— Простите, мсье Араго, я настолько давно выключен из ваших комбинаций, что просто-напросто не представляю себе, чем бы мог быть вам полезным.
— Не представляете? В таком случае, придется напрячь воображение.
— Ах, простите. Я неудачно выразился: очень опасаюсь, что просто-напросто не смогу быть вам чем-либо полезным.
Гость сел поудобнее, и в затененных его глазах ей-же-ей появилось вялое любопытство:
— И вы тоже простите. Бога ради. Скажите, свои финансовые обязательства вы выполняете таким же образом? А? Интересно, — вы всерьез думали, что вот проговорите какие-то там детские слова — и все, ничего не было, мы тут же, извинившись, оставим вас в покое, а вы никому ничего не должны?
— Боюсь, мсье, вам было бы весьма затруднительно предъявить к опротестованию ваши векселя.
— Ага.
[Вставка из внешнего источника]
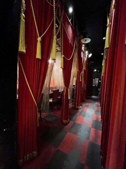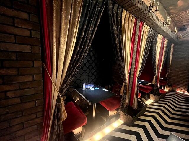 赤と黒を基調としたゴージャスな店内はデートにも最適

Сначала слегка, очень цивилизованно косим под наивного лицеиста, а потом тут же, без переходов, но столь же цивилизованно начинаем хамить. По той причине только, что уверены, — вам ничего не будет.
— Не вижу, — каким образом? Я не выполнил приблизительно ни единого задания за все эти годы, а кроме того — ни единого дня не находился на государственной службе. Вам нечего инкриминировать мне, господа.
— Да? — Промурлыкал гость. — А если мы, приложив расписку, расскажем другое? И — обоснуем? Кому поверят, вам — или нам? Мы свалим на вас все, что добыли во Франции, а также то, чего во Франции добыть не смогли, и получили весьма... окольным путем.
— А ведь я могу позвонить в Бюро прямо сейчас. Сомневаюсь, что вы успеете добраться до своей берлоги. Вы отяжелели, растренировались и потеряли форму, старина.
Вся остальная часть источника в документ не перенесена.